> [What you have to do] Take the lines from the one with "4コマ「パンダの塗り絵してただけなのに喧嘩になった人」" through the last line of the material below and write them out exactly, without any pictures.

--- Record set Enclosed Below ---

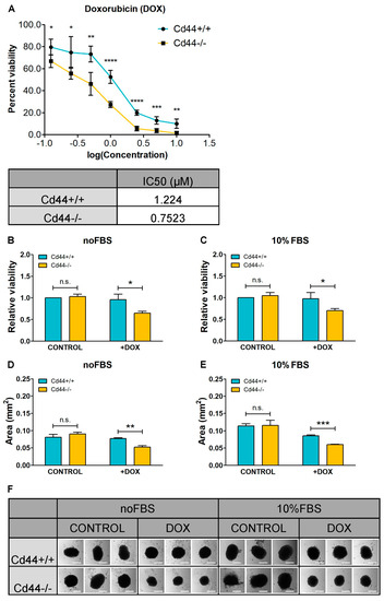 In order to study the relevance of CD44 in mediating chemoresistance, we previously isolated osteosarcoma cells from mice that developed endogenous osteosarcoma, due to a mutation of the tumor suppressor gene Nf2 [38]. To enable the analysis of CD44-dependent processes in genetically comparable tumor backgrounds, Cd44 was deleted in Nf2-deficient osteosarcoma cells, using the CRISPR/Cas9 approach [38]. Our results show that Cd44-positive cells were more resistant to doxorubicin treatment than the Cd44-negative cells (IC50 of 1.224 versus 0.7523 µM, respectively, p = 0.000793) (Figure 1A). We also measured doxorubicin sensitivity in three-dimensional cell culture, which was shown to better mimic the drug sensitivity/resistance behavior of cancer cells found in solid tumors in vivo, than the conventional two-dimensional monolayer conditions (reviewed by Weiswald et al. [1]). Osteosarcoma cells grown under nonadherent conditions formed one single spherical colony per well of a 96-well plate. Doxorubicin-treated Cd44-positive osteosarcoma cells formed significantly larger colonies than their Cd44-negative counterparts, independent of medium supplementation with serum. The size of Cd44-positive and Cd44–negative colonies was not significantly different in the absence of doxorubicin (Figure 1B–F).
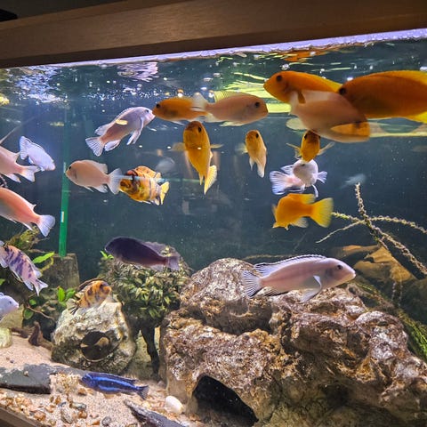 Då jag ska förändra i mitt akvarium säljer jag nu ett gäng mycket fina och välmående ciklider. Fiskarna är pigga, äter bra och har fantastiska färger som verkligen livar upp akvariet. Jag har valt att blanda klassiska Malawiciklider med mer färgintensiva arter som Turkana-juveler och Elioticiklider får man in en intensiv röd färg som gör hela akvariet mer levande och kontrastrikt.
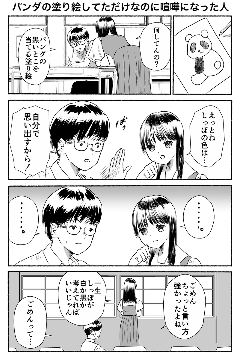 4コマ「パンダの塗り絵してただけなのに喧嘩になった人」
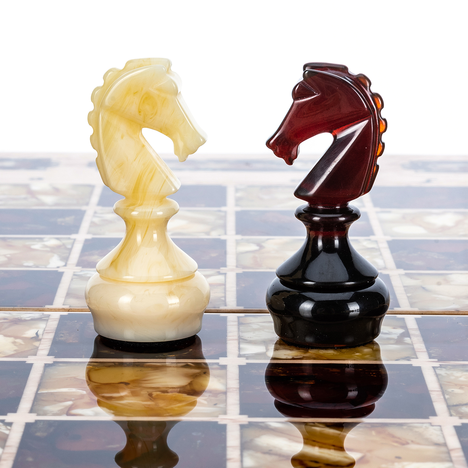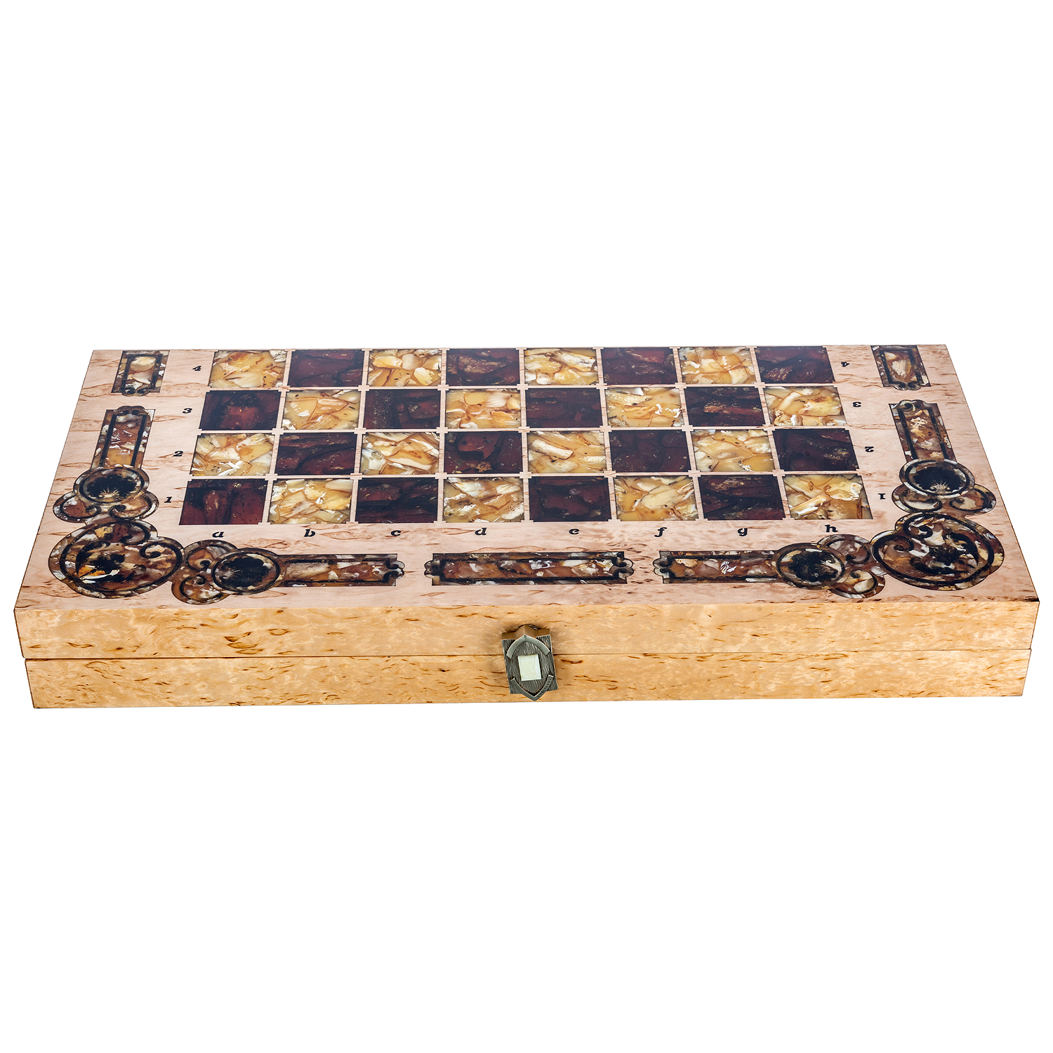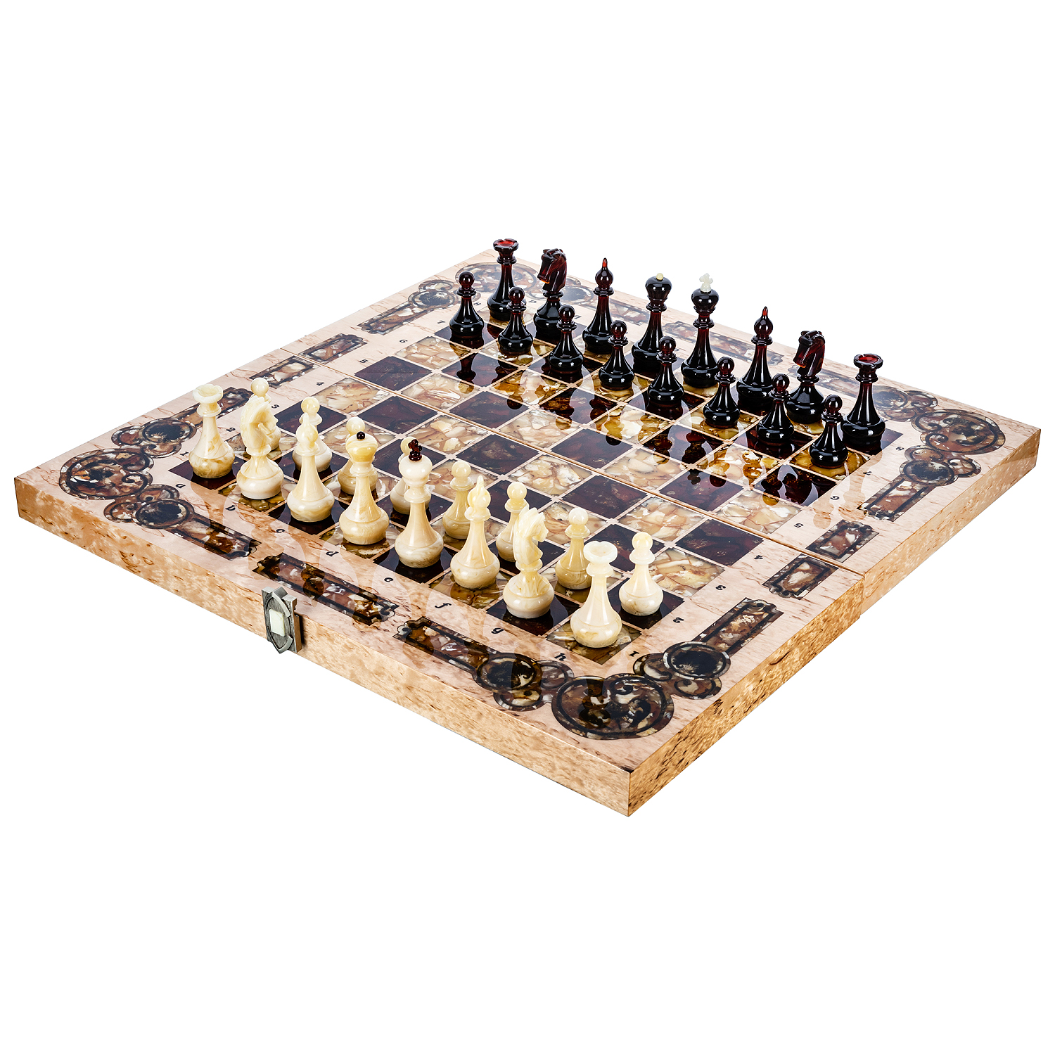 Шахматы с инкрустацией и фигурами из янтаря "Арабески-Марин" 56х56 см
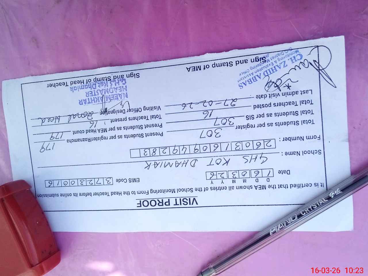 | Certified that this School was Inspected by the Undersigned MEA/DMO Today and the Information Stated Above is as Per Record. | |||||
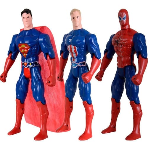1 Boneco Articulado Homem Aranha 29cm; 1 Boneco Articulado Super Man 29cm; 1 Boneco Articulado Capitão América 29cm;
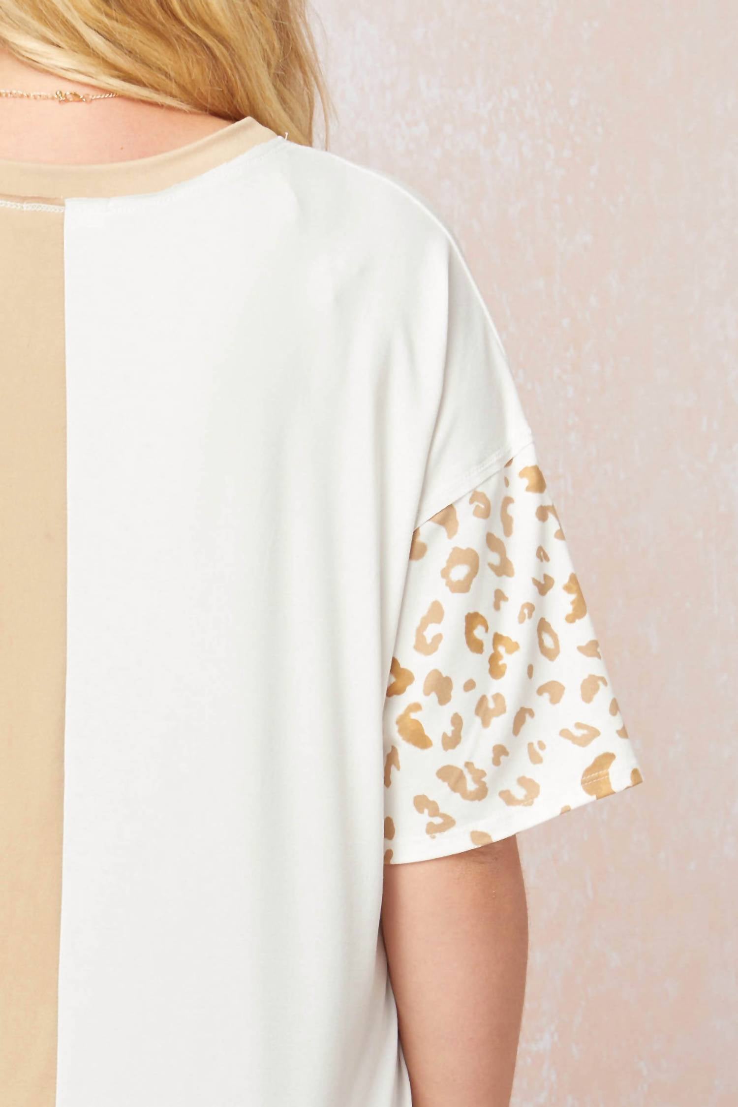 Introducing the Entro Color Block Leopard Top, a trendy camel blouse designed for those seeking style and comfort. This top features short sleeves, a playful leopard print, and a relaxed V-neckline, complemented by outside seams and a color block design. Made from a soft and stretchy blend of 96% Polyester and 4% Spandex, it offers a flattering silhouette with dimensions available up to a 2X Bust 52" and Length 30". Crafted in the USA, this pull-on blouse is best maintained with a hand wash or dry clean.
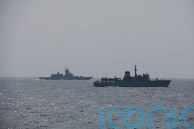 The warship subsequently escorted the two cargo ships eastbound, watched by HMS Hurworth, also based in Portsmouth.
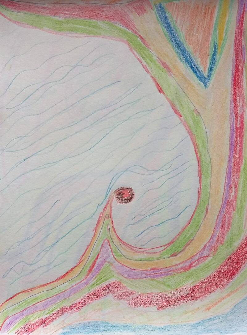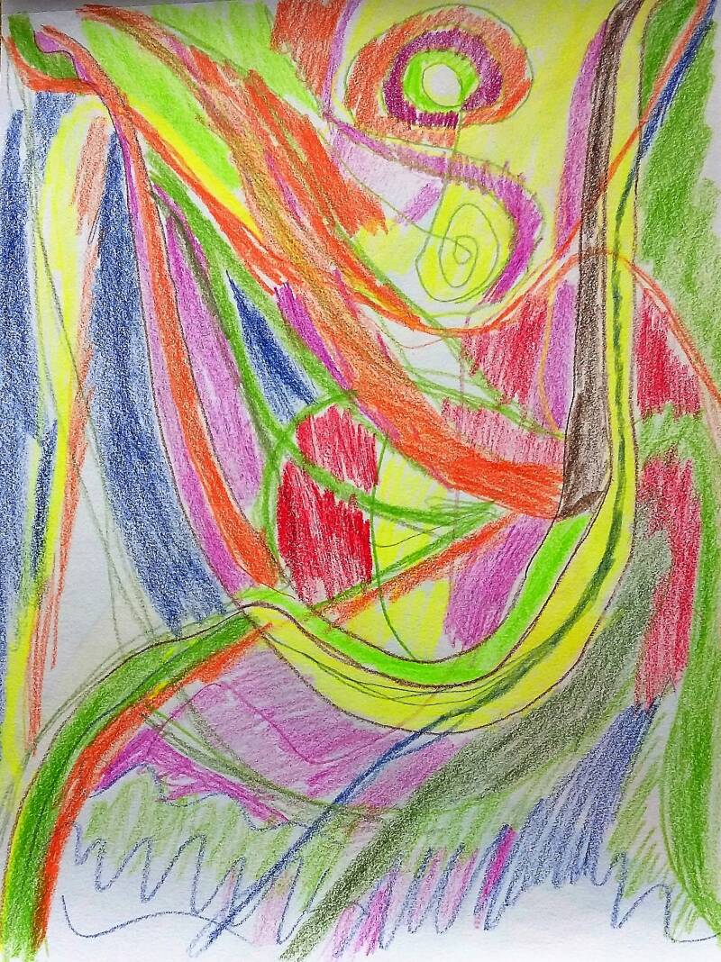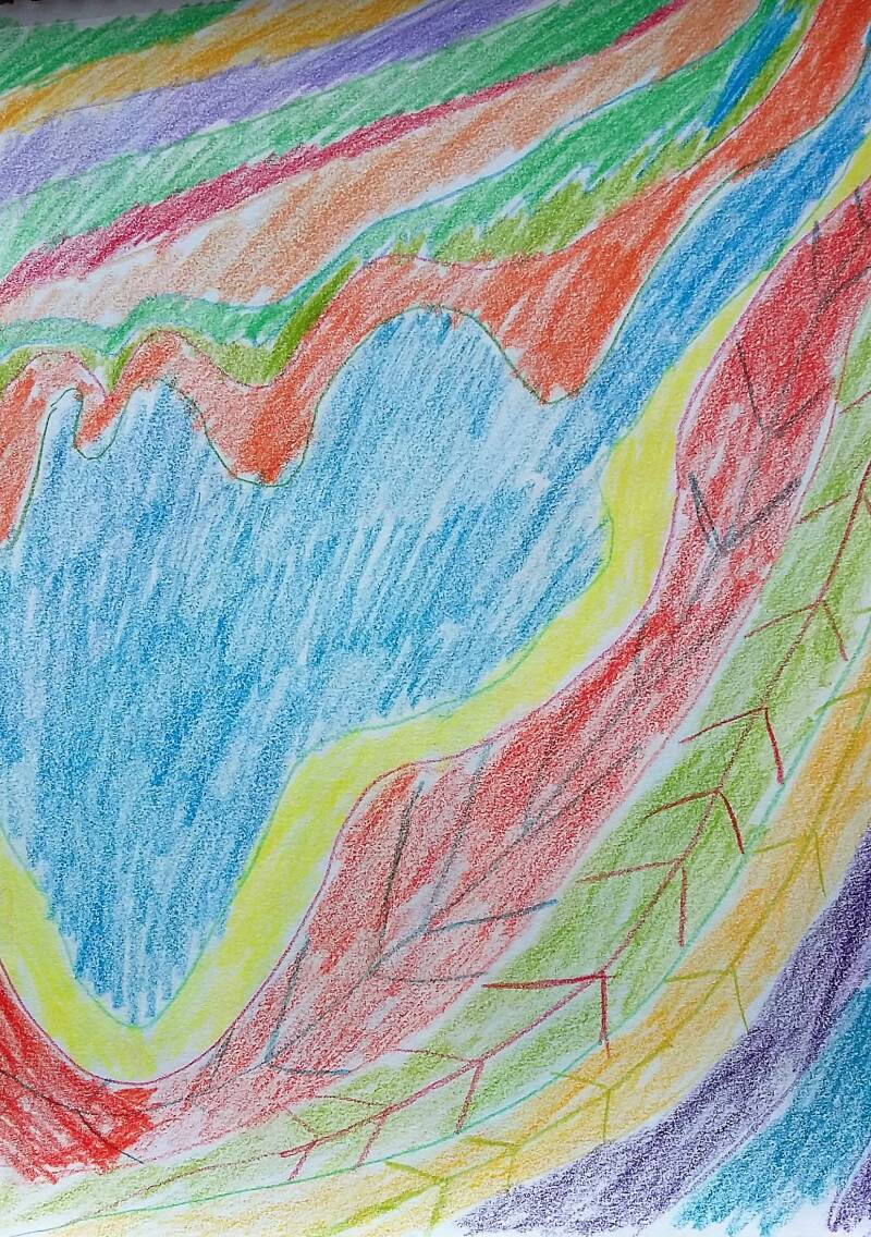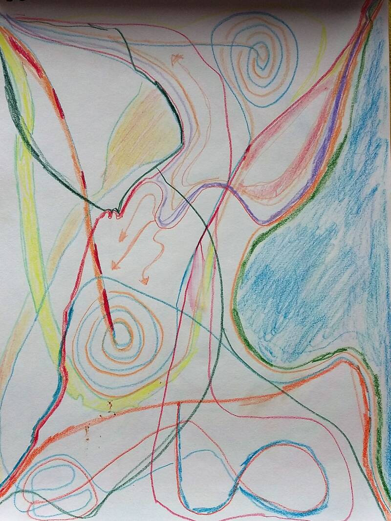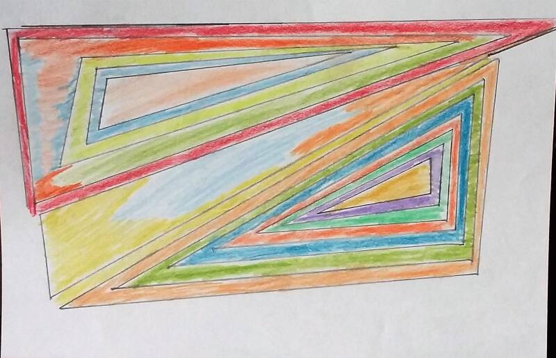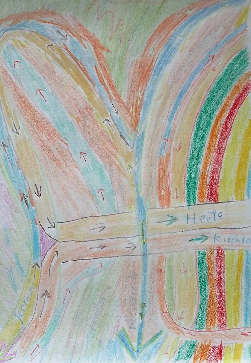 Allereerst mijn naam is Rhido. Tussen 2017 en 2020 net voor coronacrisis deed ik dagbesteding op het Papagenohuis in Laren voor mensen met autisme. Mijn style was vooral met pijlen en lijnen. Maar ook begon ik daarna steeds losser te werken. En ik deed het vooral met kleurpotloden. Ook probeerde ik landschappen te gaan tekenen.

--- End of Enclosed Record set ---

> [Response to the exercise]
 4コマ「パンダの塗り絵してただけなのに喧嘩になった人」
 Шахматы с инкрустацией и фигурами из янтаря "Арабески-Марин" 56х56 см
 | Certified that this School was Inspected by the Undersigned MEA/DMO Today and the Information Stated Above is as Per Record. | |||||
1 Boneco Articulado Homem Aranha 29cm; 1 Boneco Articulado Super Man 29cm; 1 Boneco Articulado Capitão América 29cm;
 Introducing the Entro Color Block Leopard Top, a trendy camel blouse designed for those seeking style and comfort. This top features short sleeves, a playful leopard print, and a relaxed V-neckline, complemented by outside seams and a color block design. Made from a soft and stretchy blend of 96% Polyester and 4% Spandex, it offers a flattering silhouette with dimensions available up to a 2X Bust 52" and Length 30". Crafted in the USA, this pull-on blouse is best maintained with a hand wash or dry clean.
 The warship subsequently escorted the two cargo ships eastbound, watched by HMS Hurworth, also based in Portsmouth.
 Allereerst mijn naam is Rhido. Tussen 2017 en 2020 net voor coronacrisis deed ik dagbesteding op het Papagenohuis in Laren voor mensen met autisme. Mijn style was vooral met pijlen en lijnen. Maar ook begon ik daarna steeds losser te werken. En ik deed het vooral met kleurpotloden. Ook probeerde ik landschappen te gaan tekenen.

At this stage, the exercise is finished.